Corpus ingestion with paragraph-aware chunking. The ingestion pipeline parses SGB II, SGB III, and SGB X from gesetze-im-internet.de, preserving paragraph boundaries and §§ cross-references as metadata. Each chunk carries its paragraph number, its parent statute, and a list of referenced paragraphs — so retrieval can expand context when a chunk references another.

Bilingual retrieval. Sentence Transformers multilingual models (tested several, chose based on eval results) embed both BCS questions and German paragraphs into a shared vector space. Hybrid retrieval combines dense vectors with keyword matching on legal terminology (§§ numbers, specific statutory terms that translate predictably).

Citation-forced generation. The prompt template is strict: the model receives retrieved paragraphs as context and is instructed to cite at least one source paragraph for every claim. If no retrieved paragraph supports an answer, the model must say "I don't know — consult a Rechtsanwalt." No hedging. No plausible-sounding prose without a source.

Evaluation harness as first-class infrastructure. 50+ golden questions with expected source paragraphs and acceptable answer shapes. Metrics: precision@5 and recall@5 on retrieval, faithfulness (does every answer claim have a citation?), and "no-source" compliance (does the system correctly refuse when it shouldn't answer?). The harness runs on every corpus change, every prompt change, every model swap.
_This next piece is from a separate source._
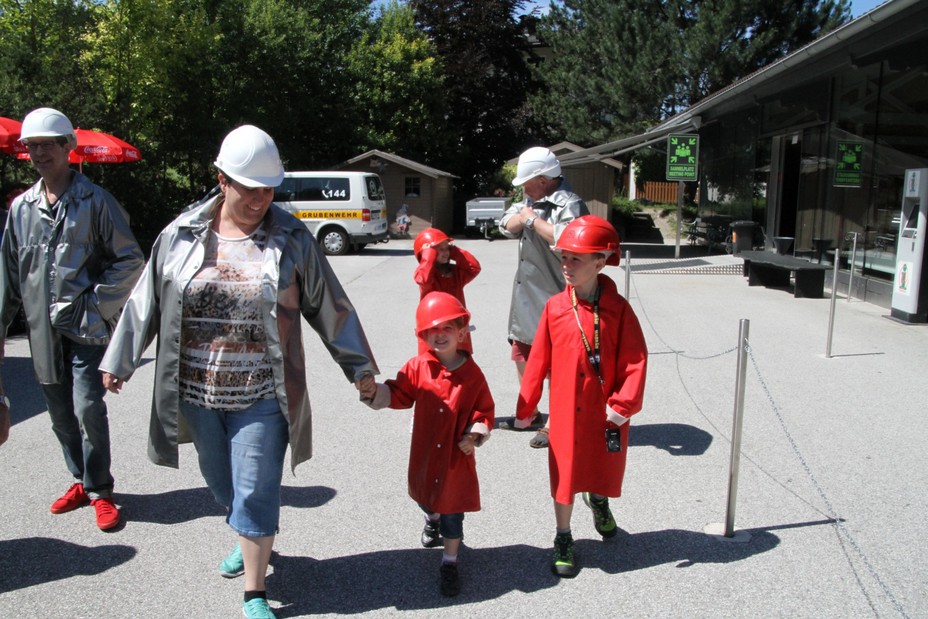 Heute durften die Kinder die Semmel für das Frühstück im Campingrestaurant kaufen. Das Frühstück gab es vor dem Camper bei Sonnenschein und warmen 20°C. Nachdem der Rucksack gepackt war, spazierten wir zur Bushaltestelle Weer Sennerei. Von dort ging es mit dem Bus bis nach Schwaz Interspar. Anschliessend schlenderten wir zum Schwazer Silberbergwerk. Um 11:20 Uhr begann die Führung. Der Bergwerkführer Bruno erzählte uns sehr viel über die Silbergewinnung. Er konnte auch mit Schalk die Kinder begeistern, so waren Sie zum Bespiel die Feuerwehr mit ihren roten Mänteln und mussten uns sicher durch das Bergwerk führen.

Production architecture. FastAPI backend, Next.js frontend, PostgreSQL for session state, ChromaDB for vectors. Kept deliberately boring — this is a system where reliability matters more than novelty.

Outcomes

Citation grounding works. Every answer traces back to a verifiable SGB paragraph on gesetze-im-internet.de — or the system refuses. Users can click a citation and land on the exact statutory paragraph.
Retrieval quality measurable and improving. The eval harness turns "did the change help?" from a hunch into a number. Precision@5 is meaningfully above a dense-only baseline via hybrid retrieval + re-ranking (representative).
Known failure modes documented. Irony in questions, recently-amended paragraphs, questions that require common sense rather than statute — these fail modes are catalogued and users see explicit warnings.

Stack / Constraints

Stack: Python, FastAPI, ChromaDB (vectors), Sentence Transformers for bilingual embeddings, OpenAI and Anthropic models (evaluated both; domain dictates choice), Next.js frontend, PostgreSQL for session state.
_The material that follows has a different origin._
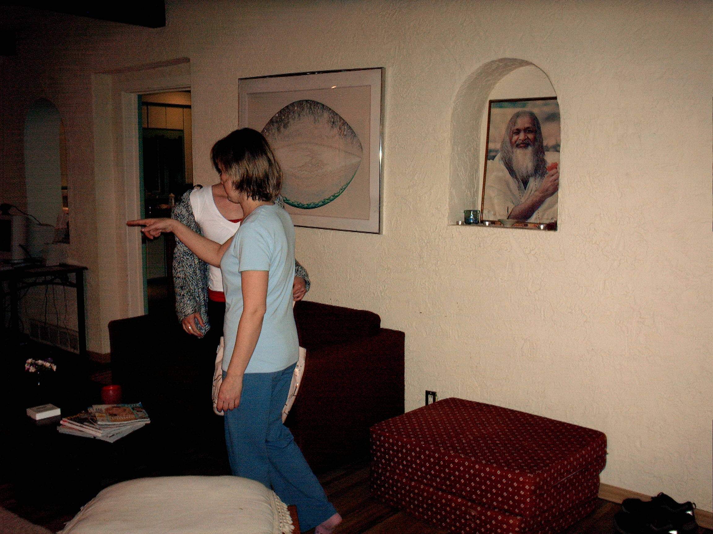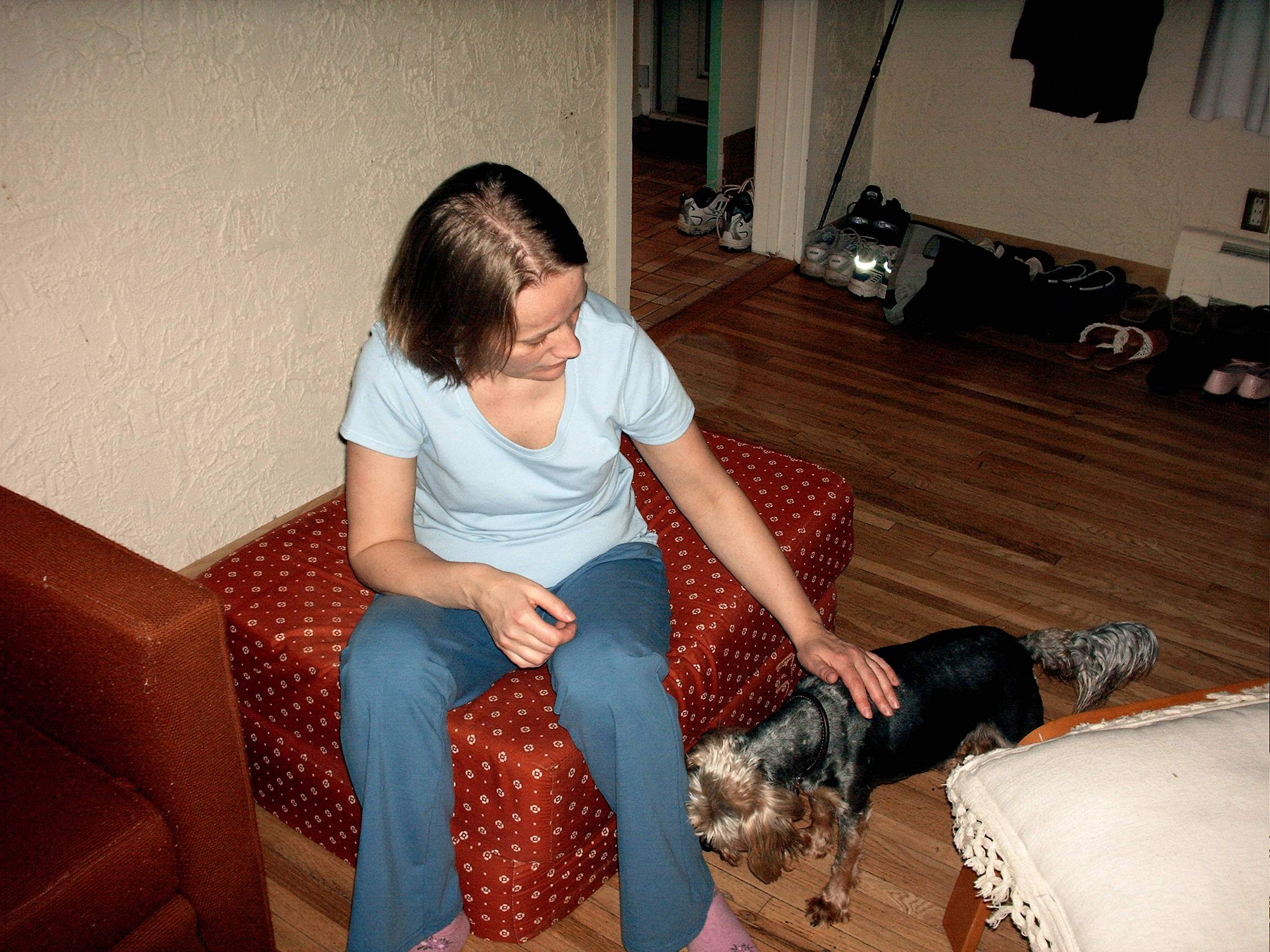 Marie pets Margareta's dog

Constraints: Single-developer project, zero tolerance for confident hallucination, bilingual retrieval requirement, and real users with real stakes.

Decisions & Tradeoffs

Hybrid retrieval over pure dense. Dense alone missed citation-heavy queries where exact paragraph numbers matter. Hybrid is more code but dramatically better eval numbers.
Boring production stack. No LangChain orchestration soup. FastAPI + a few well-understood components. Easier to debug at 3am when something breaks.
Refusal over hedging. Prompt forces "I don't know" when retrieval fails, rather than letting the model produce a plausible-sounding guess. Users lose a little convenience, gain a lot of trust.
Eval harness before frontend polish. Built the harness before investing in UI. Reversed order would mean shipping a product I can't measure.

What I'd Do Differently

Start the eval harness on day one. I built retrieval and generation first and retrofitted the harness. I should have started with the golden questions — they shape every downstream decision.
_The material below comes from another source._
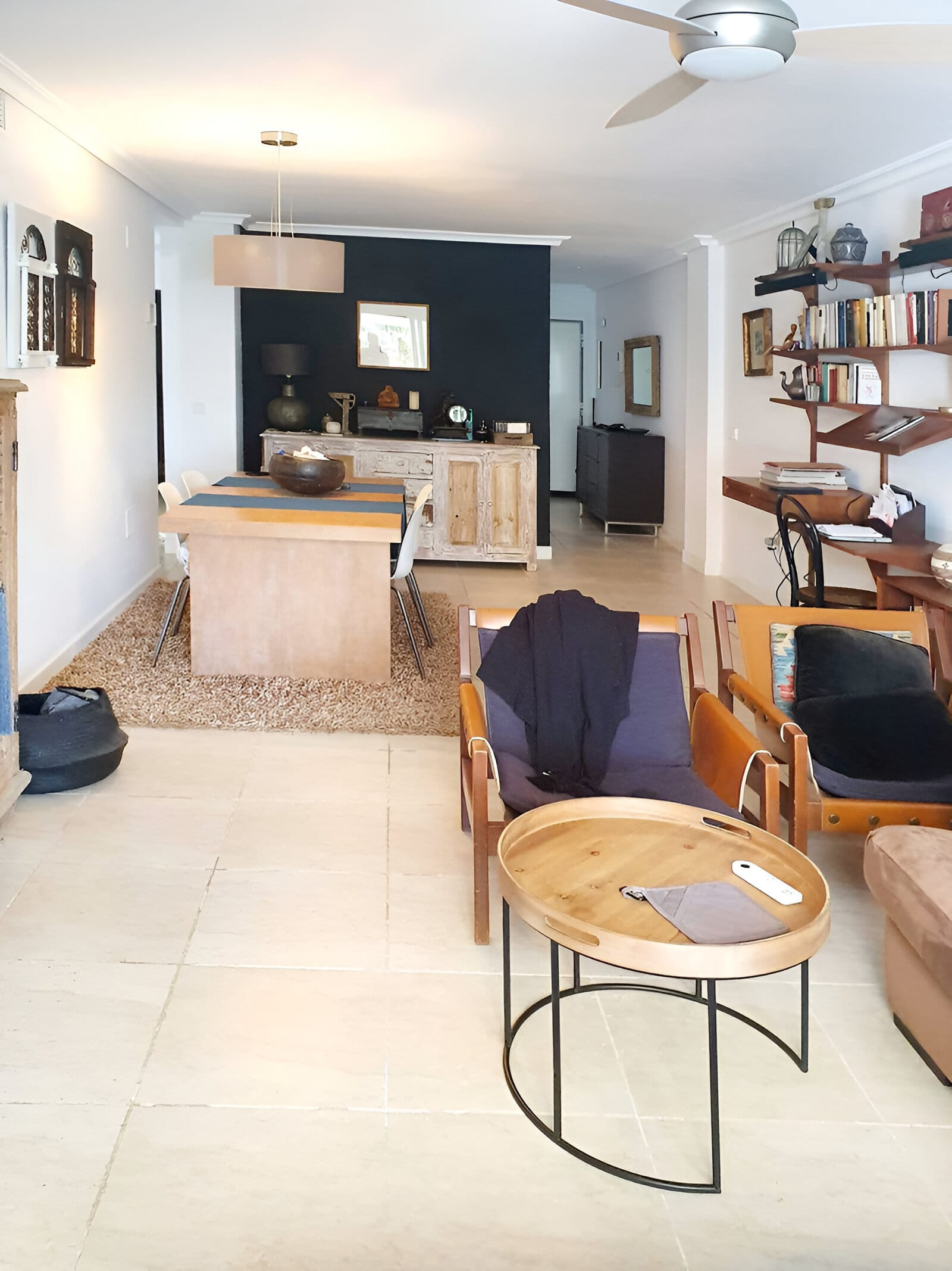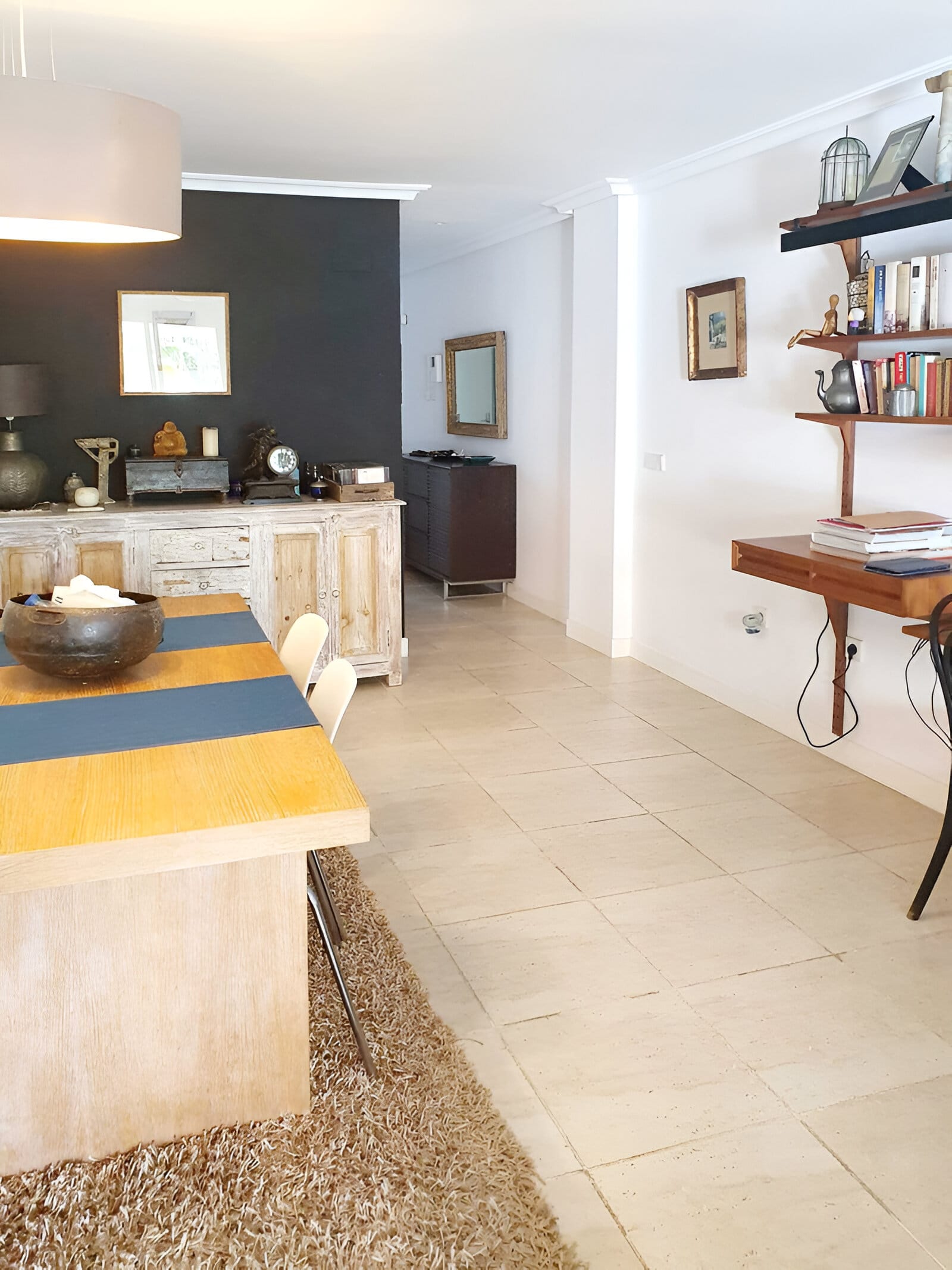 Zona de luat masa curge natural din spațiul de living, având o masă modernă de dining așezată pe un covor împletit, ideală atât pentru mesele casual, cât și pentru divertismentul oaspeților. Paleta de culori neutre din apartament este accentuată de mici detalii de culoare și modele, conferind spațiului o notă relaxată, dar sofisticată.

More aggressive negative examples. The harness has "expected correct answers" but initially was light on "expected refusals." Adding explicit no-source questions caught several over-confidence bugs.

Invest earlier in a legal review loop. Every production answer should ideally be reviewable by someone who reads German law for a living. This is still a gap — a structured feedback channel with a lawyer is the next milestone.

The deeper lesson: reliability engineering doesn't stop at the platform. Evaluation harnesses, failure-mode analysis, explicit refusal patterns — these are the same disciplines I've applied to distributed systems for 15 years, now applied to LLMs. The substrate is new; the rigor isn't.